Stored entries
---*---

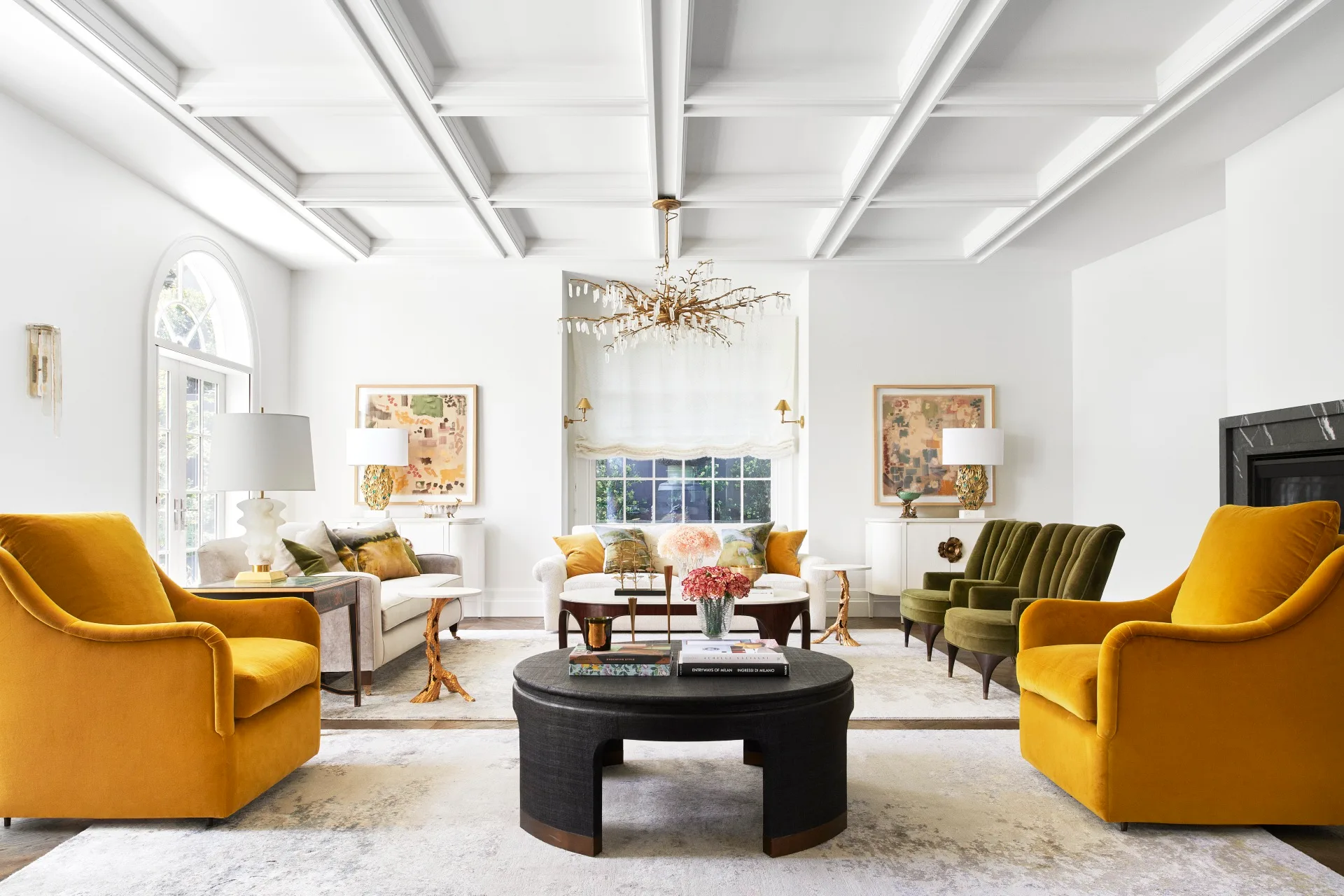 In the open plan, two mustard armchairs sit below a Currey & Company ‘Forest Dawn’ chandelier, its crystals like raindrops dangling off golden tree branches. “The bold, warm colours help break up the room, creating defined sitting zones. When you’re standing at the kitchen, this room reveals itself in so many layers,” says Aaron.
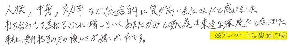 人柄、中身、効率など総合的に質が高い会社さんだと感じました。
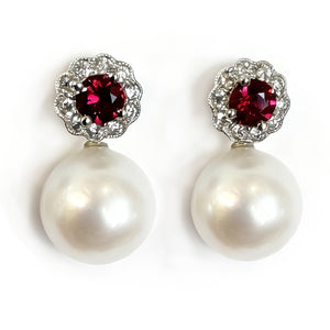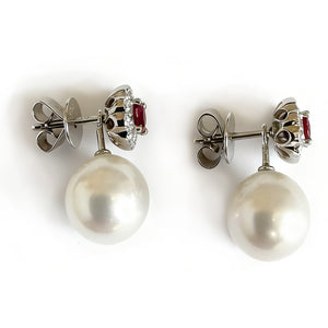The earrings measure approximately 2 cm in full length, with optional pearl drops of 1.5 cm. The central white Akoya pearl is 9.9 mm in diameter, beautifully complementing the 0.7 mm ruby and diamond studs at the cluster centre.
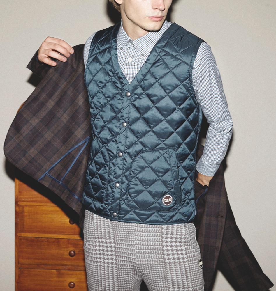 GILET NEO-URBAN. Sono lontani i tempi delle battute di caccia nello Yorkshire. Il gilet “hunter” dalla tipica lavorazione a losanghe matelassé si porta in città. Merito delle imbottiture ultralight e del nylon lucidato che assicura alti standard termo-protettivi. Punto di partenza per uno stile country riveduto e corretto è l’accostamento di consistenze e pattern che esaltano l’effetto check su check. Gilet trapuntato e imbottito in ovatta, Colmar Originals, euro 130; camicia in cotone regular fit, Pal Zileri, euro 165; giacca due bottoni in fresco di lana, Mauro Grifoni, euro 670; pantaloni in felpa garzata, Colmar Originals, euro 90.
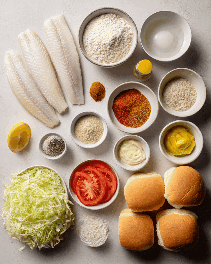 - Assemble: Spread sauce on buns, add cabbage, top with fried fish, more sauce if desired, and finish with top bun.
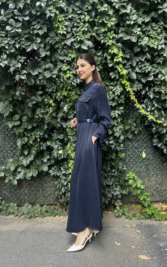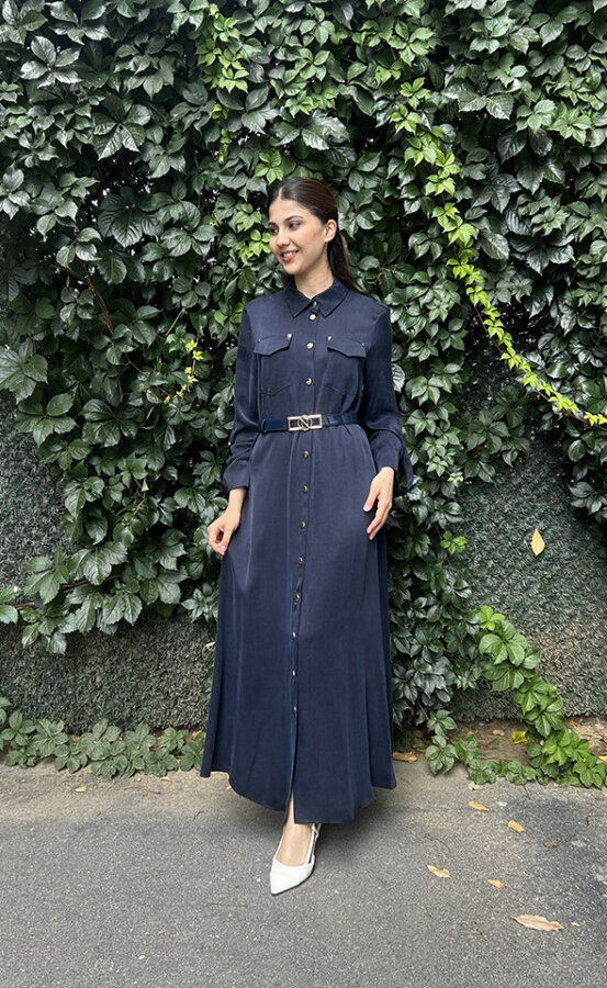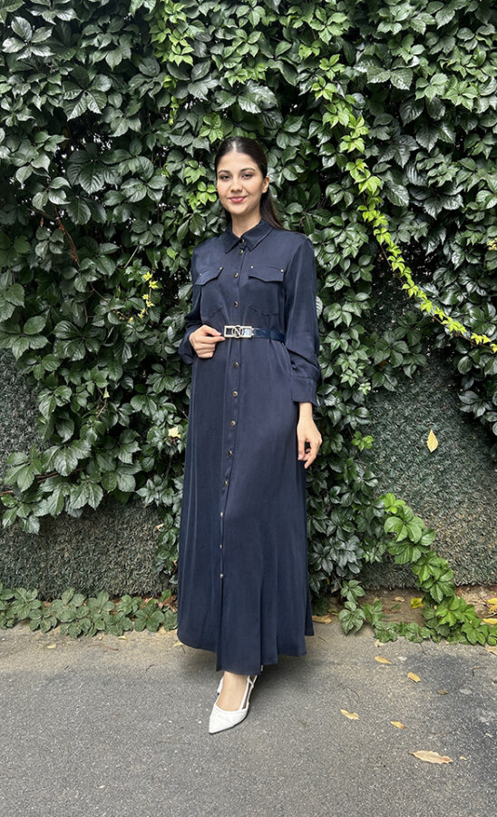 Nuss Gold Düğme Detaylı Elbise LACİVERT
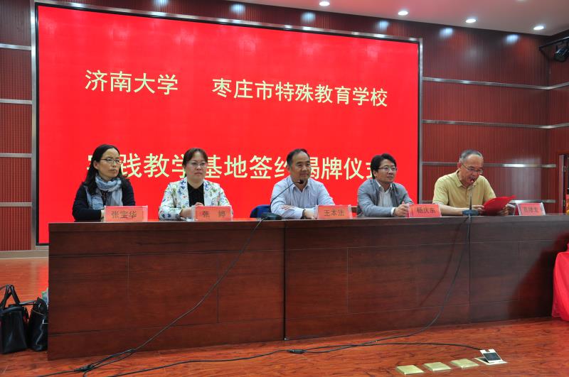 5月15日,特殊教育专业实践教学基地签约及揭牌仪式在枣庄市特殊教育学校举行。枣庄市教育局杨庆东副局长,我院王本法副院长、张婷副院长、张宝华主任,枣庄市特殊教育学校高绪龙校长及枣庄市各区县特教学校领导和全体老师参加了此次活动。
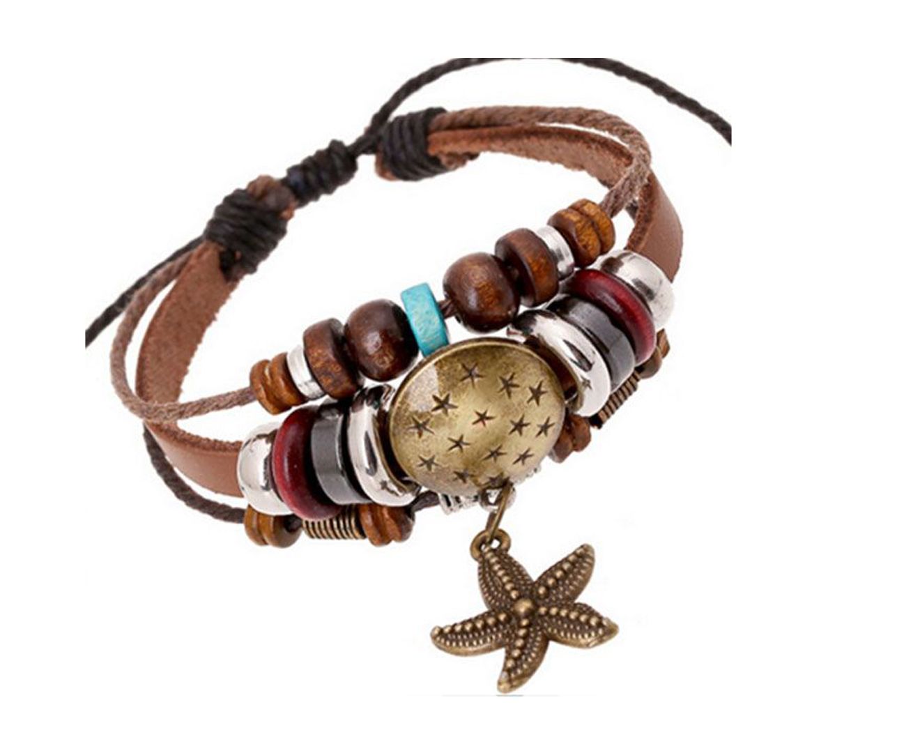 Brown Bronze Sea Star Leather Bracelets for Wome- Retro leather bronze sea star round shield stud bracelet for women is a brown colored triple layered bracelet that is designed using genuine leather. It is hand crafted and composed of wooden beads that are tied together in a lace-up rope closure. The clasp is flexible in size and can be adjusted in accordance with the size of the wrist. Star-studded in the center of the bracelet adds to the appeal and look of it.
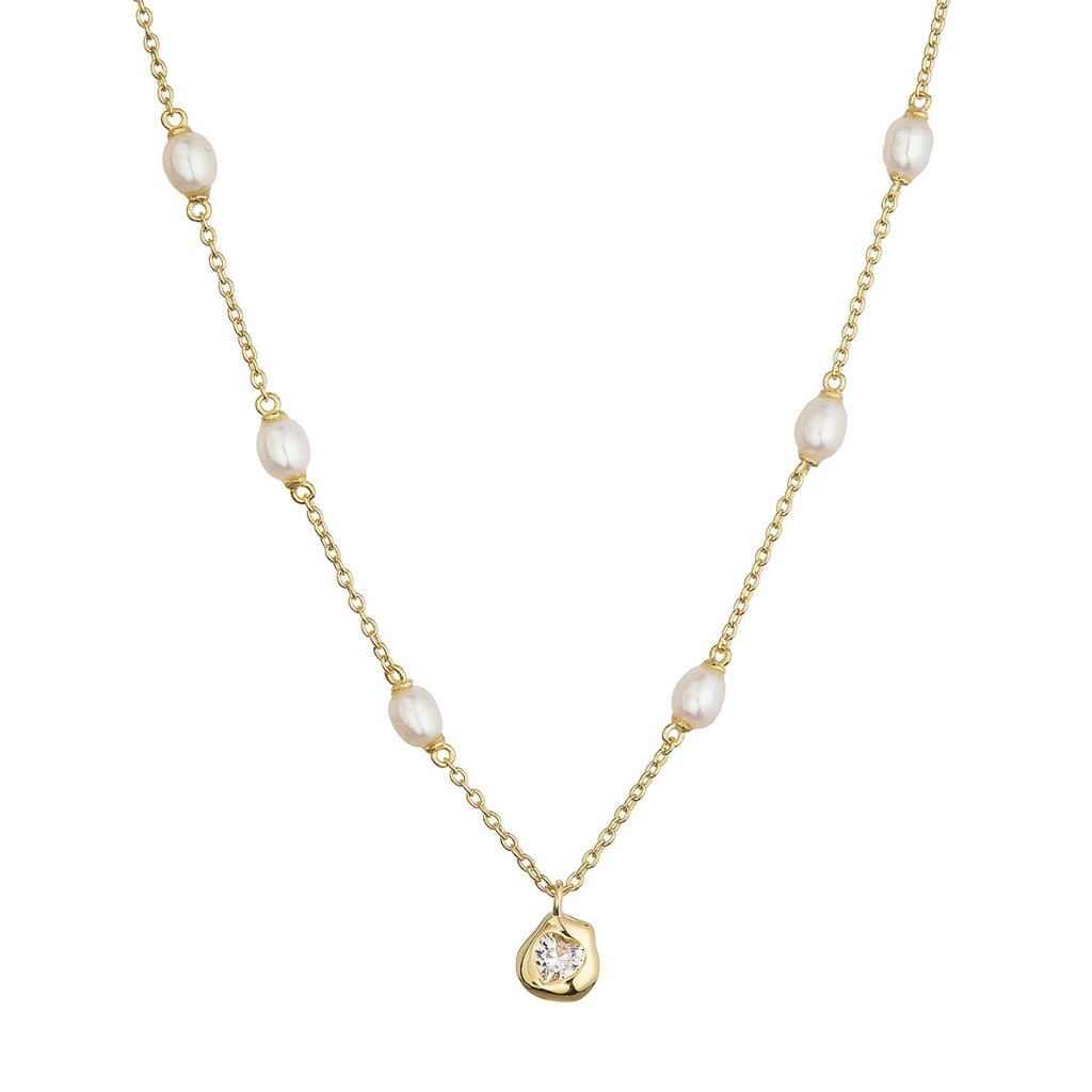 Pozlacený náhrdelník s říčními perlami a srdíčkem 22058.1

---*---

_Work request:_ Word for word, give again the lines from the line with "Brown Bronze Sea" through the end of the records above, with both ends included and the pictures left out.

_Your solution:_
 Brown Bronze Sea Star Leather Bracelets for Wome- Retro leather bronze sea star round shield stud bracelet for women is a brown colored triple layered bracelet that is designed using genuine leather. It is hand crafted and composed of wooden beads that are tied together in a lace-up rope closure. The clasp is flexible in size and can be adjusted in accordance with the size of the wrist. Star-studded in the center of the bracelet adds to the appeal and look of it.
 Pozlacený náhrdelník s říčními perlami a srdíčkem 22058.1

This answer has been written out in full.